Martes 13 de abril de 2010, por Raquel Ribeiro Toral La crianza como espacio y tiempo de subjetivación

La subjetivación es la posibilidad de que un individuo biológico se conforme como sujeto que se sostienen deseando algo en la vida, pudiendo así darle sentido y vivirla de maneras singulares. Las prácticas de crianza son subjetivantes porque en ellas, el recién nacido establece relaciones afectivas con quienes lo cuidan, que le posibilitan con el tiempo, conformarse como un yo, entendido como el “sí-mismo” de una persona que lo diferencia de otras.[1] En su artículo “Introducción del Narcisismo” (1914), Freud planteó que el deseo de sus padres hacia el bebé les permitirá imaginar como humano a ese individuo biológico, depositando expectativas en él y otorgándole un lugar en la familia como ser sexuado. Al nombrarlo, mirarlo y responder a sus necesidades, le transmitirán y lo insertarán en la cadena humana significante (cultura), inaugurando así la posibilidad de que se despliegue como sujeto en un mundo simbólico.
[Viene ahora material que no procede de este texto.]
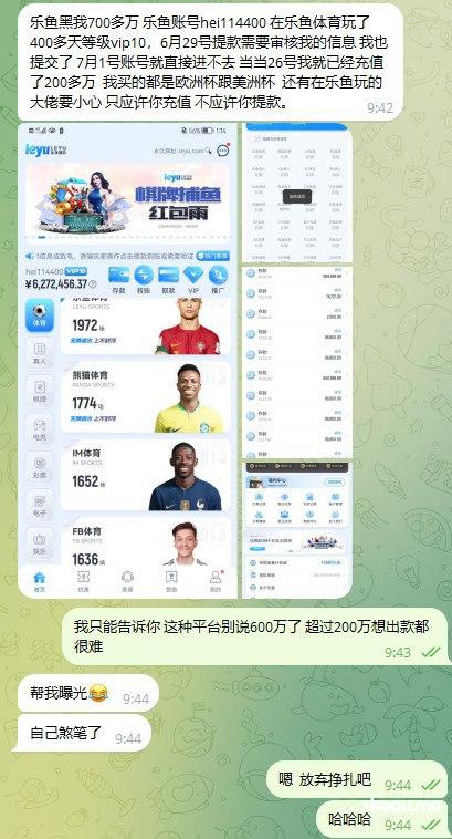 本人在乐鱼体育玩了400多天等级vip10,6月29号提款需要审核我的信息 我也提交了,7月1号账号就直接进不去,26号当天我就已经充值了200多万 我买的都是欧洲杯跟美洲杯 还有在乐鱼玩的大佬要小心 只应许你充值 不应许你提款。杀猪请认准亚博集团乐鱼体育!!做杀猪就上乐鱼体育。

Esta perspectiva freudiana del proceso de subjetivación, sugiere que al principio se dará una relación de completud con el otro que le proporcionará una imagen corporal, permitiéndole reconocerse como parte de la especie humana. Esta acción psíquica llamada por Freud identificación primaria, es un proceso psicológico mediante el cual el bebé asimila un aspecto, propiedad o atributo de otro y se transforma sobre el modelo de éste, por lo que puede decirse que la identificación es la operación en virtud de la cual se constituye el sujeto humano.[2]
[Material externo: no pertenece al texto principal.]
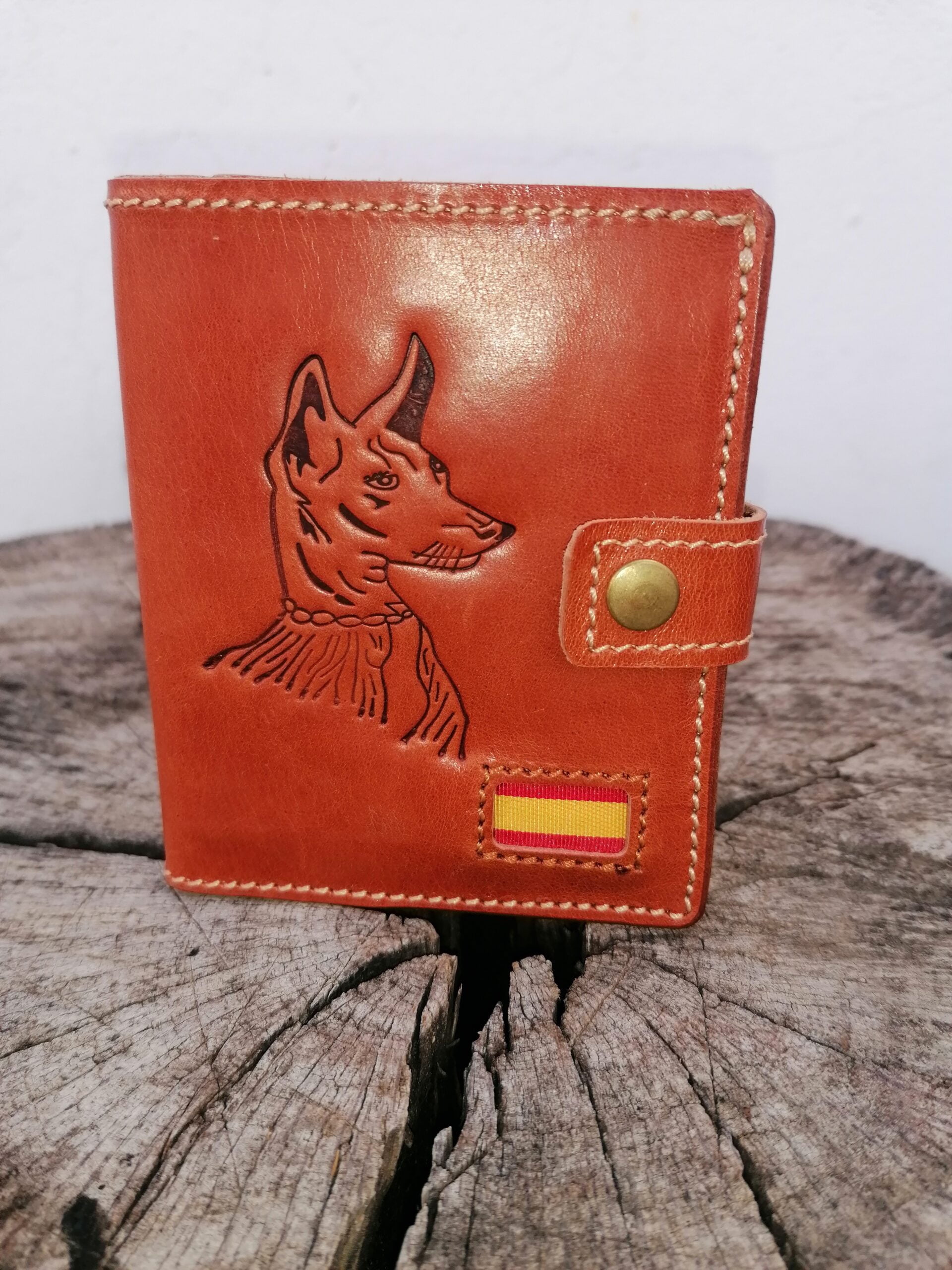 Cartera con monedero ,tarjetero y billetero hecho en cuero de potro y con bandera de España

Posteriormente se modificará la relación, cuando el otro le demuestre que además de desearlo a él, desea a otros; lo que le permitirá quebrar la fantasía de completud y asumirse como un ser con carencias. Tal carencia lo llevará a desear lo que le falta, orillándolo a entrar en contacto con la realidad externa, de tal manera que como sujeto deseante pueda desplazarse en la cadena significante cultural. Esto puede verse en el paradigmático juego del Fort/Da analizado por Freud en su escrito “Más allá del principio del placer” (1920: 14-17). Se trataba de un niño de año y medio, quien lejos de llorar cuando su madre se ausentaba por horas, jugaba a arrojar lejos de sí ciertos juguetes para luego aparecerlos, mientras pronunciaba Se fue/Aquí está. Ello evidenciaba ciertos logros culturales del niño como su renuncia pulsional de admitir sin protestas la partida de la madre; su capacidad de procesar psíquicamente la situación al recrearla en el juego y manejarla a su antojo (jugando incluso a que él era quien desaparecía ante su madre); así como su posibilidad de nombrar la experiencia vivida. Ese juego significante dio lugar a un sujeto en falta, deseante, creador y lingüístico.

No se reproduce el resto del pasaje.